The profile generated by the script in scripts/test-profiler.R
:
Thanks Mitch! Can you please add layers = 0
for reference? I went to compare against the Github Actions benchmark for develop
but it turns out your machine is much quicker ;)
Great work here @devmitch @aornugent. This new implementation is 2-3 times faster than the other, nice!
The output of the profiler is fantastic, well done getting this to work. That will be very helpful in a number of places.
Thanks Mitch! Can you please add
layers = 0
for reference? I went to compare against the Github Actions benchmark fordevelop
but it turns out your machine is much quicker ;)
The environment construction function in R doesn't allow this:
https://github.com/traitecoevo/plant/blob/930b9c9679859727b8b2ac36995f360a9dc0838b/R/ff16w.R#L77-L78
How about 1 layer then. Close to 0
While looking into a segfault bug in the test-cohort.R
tests, I noticed that while consumption_rates
were being correctly resized for patches with resize_consumption_rates()
, this was not being done when creating a single individual, unlike the other vectors which were being resized correctly in the Individual constructor:
Individual(strategy_type_ptr s) : strategy(s) {
if (strategy->aux_index.size() != s->aux_size()) {
strategy->refresh_indices();
}
vars.resize(strategy_type::state_size(), s->aux_size()); // = Internals(strategy_type::state_size());
set_state("height", strategy->height_0);
vars.resize_consumption_rates(vars.state_size); // NEW - now correctly sets the size of consumption_rates
}
The tests now pass for test-cohort.R
, but got me wondering - what is the point of the resource_size
member variable in Internals
if it is always going to be the same as state_size
, another member variable in the same class?
For example, in Patch
, we resize the consumption rates using environment.ode_size()
:
https://github.com/traitecoevo/plant/blob/abdea4cc4aafc09c87d1d988a381d0430b6102e9/inst/include/plant/patch.h#L133
which is simply vars.state_size()
:
https://github.com/traitecoevo/plant/blob/abdea4cc4aafc09c87d1d988a381d0430b6102e9/inst/include/plant/environment.h#L30
Thus, resize_consumption_rates
only ever sets resource_size
to state_size
:
https://github.com/traitecoevo/plant/blob/abdea4cc4aafc09c87d1d988a381d0430b6102e9/inst/include/plant/internals.h#L58-L60
The only time I can see them being different is when a resize()
is done after resize_consumption_rates
- maybe I'm getting confused, but I would like some clarity on this.
@aornugent I'll let you address this query
Hey @devmitch - thanks for the investigation.

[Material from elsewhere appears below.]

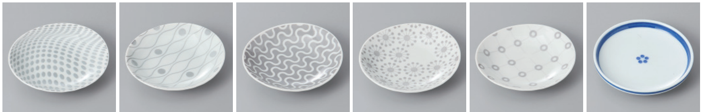
310-13-93H 1,000円 有田焼 ドット楕円小皿(G) 5入 12×11×2.5cm 310-14-93H 1,000円 有田焼 タテワク楕円小皿(G) 5入 12×11×2.5cm 310-15-93H 1,000円 有田焼 アーチ楕円小皿(G) 5入 12×11×2.5cm 310-16-93H 1,000円 有田焼 ハナツツ楕円小皿(G) 5入 12×11×2.5cm 310-17-93H 1,000円 有田焼 マルコウシ楕円小皿(G) 5入 12×11×2.5cm 310-18-93H 850円 有田焼 夢路3号皿 10入 10×2cm

There's a few things to unpack here.
vars
objects. For FF16w: individual.vars.state_size() = 5
(+2 if it's a cohort) and environment.vars.ode_size() = n_soil_layers
. resize_consumption_rates
is handled separately because individuals do not have access to the environment at construction. So when creating a patch, the individuals are instantiated using a strategy object, and then consumption rates are resized from the patch constructor which does have access to information about the environment.It's a shame that the tests fail without initalising an individuals consumption rates. This is a shot in the dark, but do they pass if the default consumption rates size is set to zero? Keep the questions coming, it's a bit curly.
This is a shot in the dark, but do they pass if the default consumption rates size is set to zero? Keep the questions coming, it's a bit curly.

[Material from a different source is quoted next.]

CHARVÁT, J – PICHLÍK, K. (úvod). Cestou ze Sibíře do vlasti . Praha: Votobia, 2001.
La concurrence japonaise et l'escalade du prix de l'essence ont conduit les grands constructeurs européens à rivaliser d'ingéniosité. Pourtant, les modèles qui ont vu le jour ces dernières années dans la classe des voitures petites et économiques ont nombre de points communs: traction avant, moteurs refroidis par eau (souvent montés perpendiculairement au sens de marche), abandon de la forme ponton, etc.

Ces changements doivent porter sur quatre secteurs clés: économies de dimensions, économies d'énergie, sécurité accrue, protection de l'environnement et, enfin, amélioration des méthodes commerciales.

They do not - this is what it was previously, since the size was never explicitly set with the Internals constructor, and the Individuals constructor (previously) did nothing, it was 0 by default.
Now that you have cleared up my confusion with the separate Internals
objects, I think I can more clearly explain the problem in the call stack, I might still be off though. The R test in test-cohort.R
that is failing is roughly:
# ...
# FF16w, FF16
plant <- Individual(x, e)(s)
# ...
env <- test_environment(x, 2 * plant$state("height"),
light_env=function(x) rep(1, length(x)))
# ...
plant.compute_rates(env)
Upon construction of the Individual
object, the consumption_rates
vector inside the Individual's vars
has size 0 by default because as you said, there is no information about the environment (ie about the number of soil layers) and there is no Patch
to set the size using the environment.
After the test environment is created, we call plant.compute_rates(env)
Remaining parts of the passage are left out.